Quatre secrets sur « Les aventuriers de l’arche perdue »

Huit mois après avoir présenté au monde Luke Skywalker, la princesse Leia et Chewbacca, George Lucas a invité Steven Spielberg et le scénariste Lawrence Kasdan chez son assistant à Los Angeles pour lancer un nouveau nom pour l’aventure.


— Indiana Smith, dit Lucas. “Très place Americana.”

Spielberg soupira, « Je déteste ça, mais vas-y. »

Au cours des cinq prochains jours, selon une transcription de conférence d’histoire, les trois ont concocté un archéologue fanfaron qui a fusionné Humphrey Bogart à James Bond. Ils ont donné à Indy un coup de fouet et un passeport – et ils ont modifié son nom.

« Jones », a concédé Lucas, « les gens peuvent l’appeler Jones. »

Cette session de remue-méninges, bien sûr, a conduit à « Les aventuriers de l’arche perdue », qui célèbre son 40e anniversaire ce mois-ci (et est en streaming sur Paramount+). Quatre décennies plus tard, le succès emblématique est devenu le pivot entre le passé et le présent du cinéma. Les évasions étroites d’Indiana Jones des nazis, des rochers, des fléchettes, des dattes empoisonnées, des camions à grande vitesse et, bien sûr, des serpents, inclinent un fedora aux feuilletons de cliffhanger des années 1930 – les aventures pour enfants qui ont façonné ses créateurs – même lorsqu’ils ont calibré leur nostalgie en un blockbuster promotionnel croisé qui définirait l’avenir d’Hollywood.

« Ce que nous faisons juste ici, vraiment, c’est de concevoir un manège à Disneyland », a déclaré Spielberg lors de cette première réunion. Paroles prophétiques. Pourtant, à l’instar des exploits d’Indy à travers le monde, l’histoire de la production du film est elle-même une histoire de mésaventures, de coups de chance et d’inspiration. Voici quatre histoires secrètes de l’ensemble.

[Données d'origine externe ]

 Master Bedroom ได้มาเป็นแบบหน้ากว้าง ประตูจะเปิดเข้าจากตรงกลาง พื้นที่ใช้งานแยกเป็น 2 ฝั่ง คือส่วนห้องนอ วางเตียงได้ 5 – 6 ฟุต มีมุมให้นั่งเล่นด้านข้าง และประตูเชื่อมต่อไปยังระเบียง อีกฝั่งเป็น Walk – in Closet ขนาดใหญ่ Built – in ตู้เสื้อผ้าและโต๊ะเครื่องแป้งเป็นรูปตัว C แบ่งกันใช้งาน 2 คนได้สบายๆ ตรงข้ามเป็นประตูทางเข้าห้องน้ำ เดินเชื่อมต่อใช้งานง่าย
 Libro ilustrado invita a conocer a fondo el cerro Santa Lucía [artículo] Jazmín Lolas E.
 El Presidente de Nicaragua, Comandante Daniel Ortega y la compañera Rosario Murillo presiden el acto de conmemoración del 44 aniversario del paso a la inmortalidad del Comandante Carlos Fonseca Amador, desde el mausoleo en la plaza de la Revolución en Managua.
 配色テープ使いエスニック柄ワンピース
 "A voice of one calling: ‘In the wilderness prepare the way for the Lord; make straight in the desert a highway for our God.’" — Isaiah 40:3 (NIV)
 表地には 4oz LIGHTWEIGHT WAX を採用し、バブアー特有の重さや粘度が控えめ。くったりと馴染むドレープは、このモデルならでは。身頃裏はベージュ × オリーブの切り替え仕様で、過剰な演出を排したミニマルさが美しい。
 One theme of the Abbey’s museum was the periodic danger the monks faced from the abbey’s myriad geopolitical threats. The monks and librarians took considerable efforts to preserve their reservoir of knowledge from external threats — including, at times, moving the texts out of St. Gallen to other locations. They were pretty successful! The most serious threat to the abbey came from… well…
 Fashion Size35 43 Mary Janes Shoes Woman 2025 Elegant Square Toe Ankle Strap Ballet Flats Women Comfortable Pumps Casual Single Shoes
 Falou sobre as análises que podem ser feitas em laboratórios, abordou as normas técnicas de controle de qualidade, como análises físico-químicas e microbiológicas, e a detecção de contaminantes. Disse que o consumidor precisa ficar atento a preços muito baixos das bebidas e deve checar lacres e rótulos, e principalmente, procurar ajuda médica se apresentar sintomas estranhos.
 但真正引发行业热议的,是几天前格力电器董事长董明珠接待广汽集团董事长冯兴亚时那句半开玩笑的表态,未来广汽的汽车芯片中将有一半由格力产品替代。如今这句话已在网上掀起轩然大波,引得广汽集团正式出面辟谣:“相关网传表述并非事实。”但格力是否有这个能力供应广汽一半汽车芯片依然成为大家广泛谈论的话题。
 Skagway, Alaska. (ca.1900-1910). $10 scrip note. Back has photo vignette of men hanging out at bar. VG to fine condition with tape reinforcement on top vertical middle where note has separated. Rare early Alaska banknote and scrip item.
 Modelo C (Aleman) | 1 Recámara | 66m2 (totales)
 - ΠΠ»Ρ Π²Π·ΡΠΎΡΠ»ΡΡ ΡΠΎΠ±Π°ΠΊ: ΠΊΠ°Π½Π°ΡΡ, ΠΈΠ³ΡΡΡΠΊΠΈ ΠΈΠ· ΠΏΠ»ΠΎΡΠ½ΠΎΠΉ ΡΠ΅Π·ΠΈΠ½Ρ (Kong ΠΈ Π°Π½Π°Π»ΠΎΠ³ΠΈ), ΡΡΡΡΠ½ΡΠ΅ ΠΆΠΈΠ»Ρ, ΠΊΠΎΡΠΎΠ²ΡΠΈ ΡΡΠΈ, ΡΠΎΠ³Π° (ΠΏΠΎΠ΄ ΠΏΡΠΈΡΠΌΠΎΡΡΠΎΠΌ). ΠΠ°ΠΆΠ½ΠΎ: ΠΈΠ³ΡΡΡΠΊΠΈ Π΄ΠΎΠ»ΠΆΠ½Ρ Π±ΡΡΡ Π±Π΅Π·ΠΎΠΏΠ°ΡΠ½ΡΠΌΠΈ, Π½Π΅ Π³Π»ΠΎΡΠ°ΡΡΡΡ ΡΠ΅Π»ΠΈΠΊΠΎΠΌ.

Les séries en noir et blanc comme « Tarzan » et « Jungle Jim » ne pouvaient pas électriser leurs sensations avec CGI. « Raiders » non plus. Les décors du film, des lieux aux pièges, sont des temples du vieux savoir-faire hollywoodien. Le départ en hydravion d’Indy, le saloon népalais enneigé et les falaises en chute libre du Caire ont tous été faits à la main peintures mates. En moyenne, un matte painting ne dispose que de quelques secondes avant que le public ne comprenne le truc. Pourtant, l’entrepôt tentaculaire du dernier plan du film a dû commander l’écran pendant près d’une demi-minute et a pris trois mois à l’artiste Michael Pangrazio. Pour la chasse au bloc d’ouverture, Spielberg a commandé une roche en fibre de verre et en plâtre de 12 pieds montée au sommet d’une piste de 40 verges. Même à seulement 300 livres – à peine, c’est-à-dire par rapport à 80 tonnes de granit véritable – le faux mastodonte a brisé les stalagmites de l’hélice sur son passage et elles ont dû être remplacées entre chaque prise. Et le rocher aurait pu écraser la star Harrison Ford s’il ne l’avait pas dépassé 10 fois. « Il a eu de la chance », Spielberg dit dans le magazine American Cinematographer, « et j’étais un idiot de le laisser essayer. »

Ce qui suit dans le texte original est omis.